# Agri-Fab 40 inch Core Aerator Assembly and Test



## TommyTester (Jul 3, 2018)

Just built this unit. Solid. Works good.

[media]https://www.youtube.com/watch?v=RGk1DZX7qw8[/media]
My Channel


----------



## pennstater2005 (Jul 17, 2017)

Nice video. You were satisfied with the plugs it pulled?


----------



## TommyTester (Jul 3, 2018)

That was the test run on mostly dry soil. Yesterday I did a deep watering and aerated 8000 square feet with no issues prior to over-seeding. I did a cross-hatch pattern for the 3 steps - aerate, fert, and seed. Plugs were as good as from machines I've rented, plus now being a pull-behind, it gets done way quicker and I'm not fighting with a heavy machine.
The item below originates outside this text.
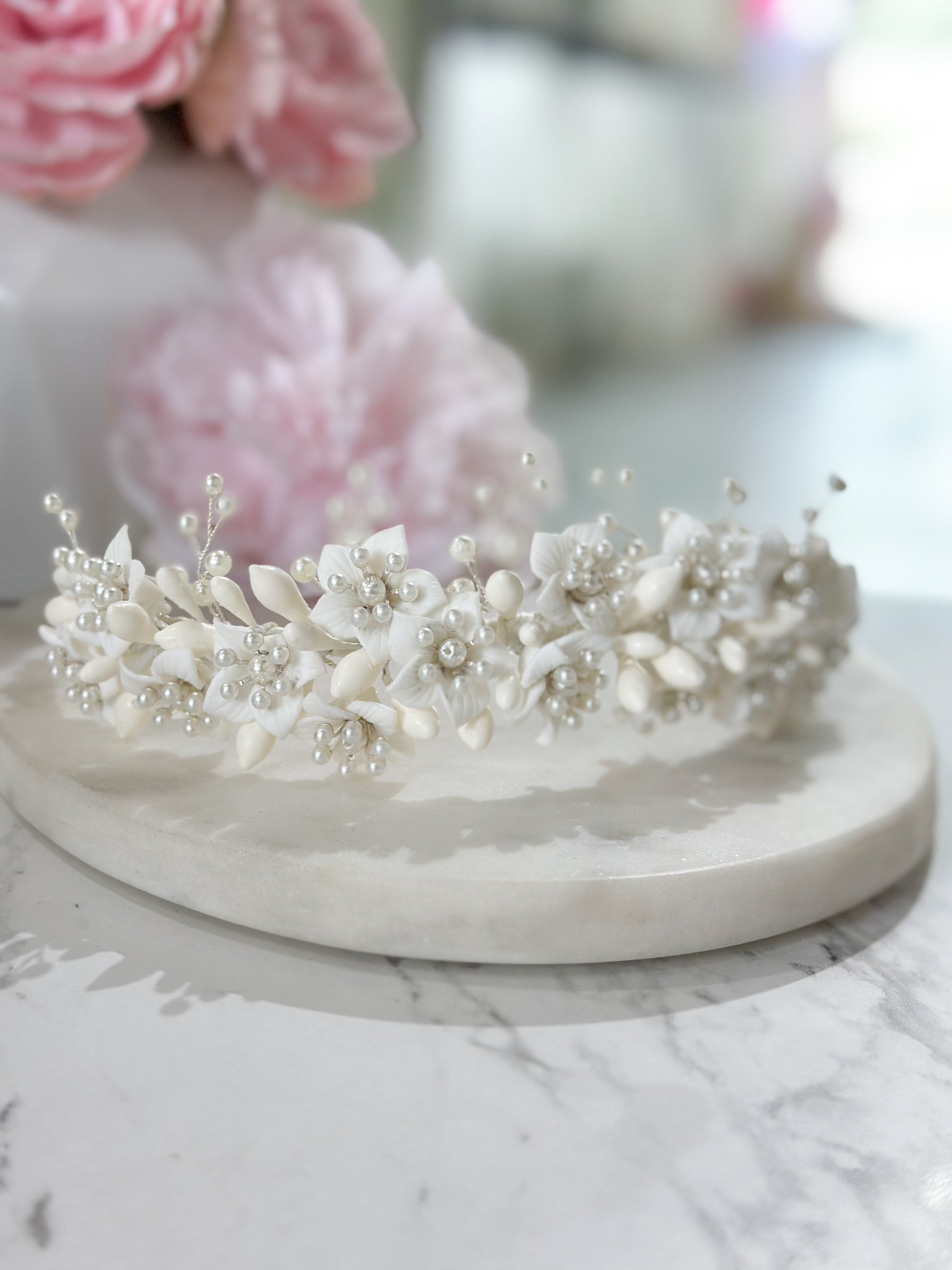 Material: Perlas sintéticas medianas, flores de porcelana y azahares de cera natural

Now comes the watering. I have 2 Orbit Travelers set to the precise width for the two 4000 sq ft areas I've over-seeded. See the slight over-spray on the road and sidewalk in the pic. They both are on timers (6 am) and shut-off at the end of their runs using the Orbit ramp provided with the sprinkler (shown on the right in the picture). The ramp activates a shut-off valve built into the sprinkler. Pretty slick.


----------



## pennstater2005 (Jul 17, 2017)

Nice! Did you reseed with fine fescue?


----------



## TommyTester (Jul 3, 2018)

pennstater2005 said:


> Nice! Did you reseed with fine fescue?


Northen mix mainly Perrenial Rye.


----------



## pennstater2005 (Jul 17, 2017)

TommyTester said:


> pennstater2005 said:
> 
> 
> > Nice! Did you reseed with fine fescue?
> ...


Nice! Pics to come?


----------



## 7474 (Aug 20, 2018)

Have the one where you can swap out attachments. Pleased with performance. Obviously, not the same as a rental unit. But, the convenience of having my own and being able to pull behind my mower far outweigh the plug quality of a rental. Just wish the handle was more accessible from the seated position.


----------



## TommyTester (Jul 3, 2018)

pennstater2005 said:


> Nice! Pics to come?


Yes ... I am taking a pic each day at 9 AM from the same spot. Should be cool to see the set after 2 weeks.


----------



## pennstater2005 (Jul 17, 2017)

TommyTester said:


> pennstater2005 said:
> 
> 
> > Nice! Pics to come?
> ...


Especially with rye.....I've had it germinate in as little as 3 days before.


----------



## adgattoni (Oct 3, 2017)

@TommyTester or really anyone with a tow behind plugger: any chance one of these things could be pulled behind a bicycle? Haha.


----------



## craigdt (Apr 21, 2018)

Cool!
I have that one, and put too much weight on it.

Bent the flanges where the wheels attach. Now they point outwards in opposite directions.

Anyways, don't put too much weight on it and enjoy!


----------



## MichiganGreen (Aug 7, 2018)

adgattoni said:


> @TommyTester or really anyone with a tow behind plugger: any chance one of these things could be pulled behind a bicycle? Haha.


Why not, right?


----------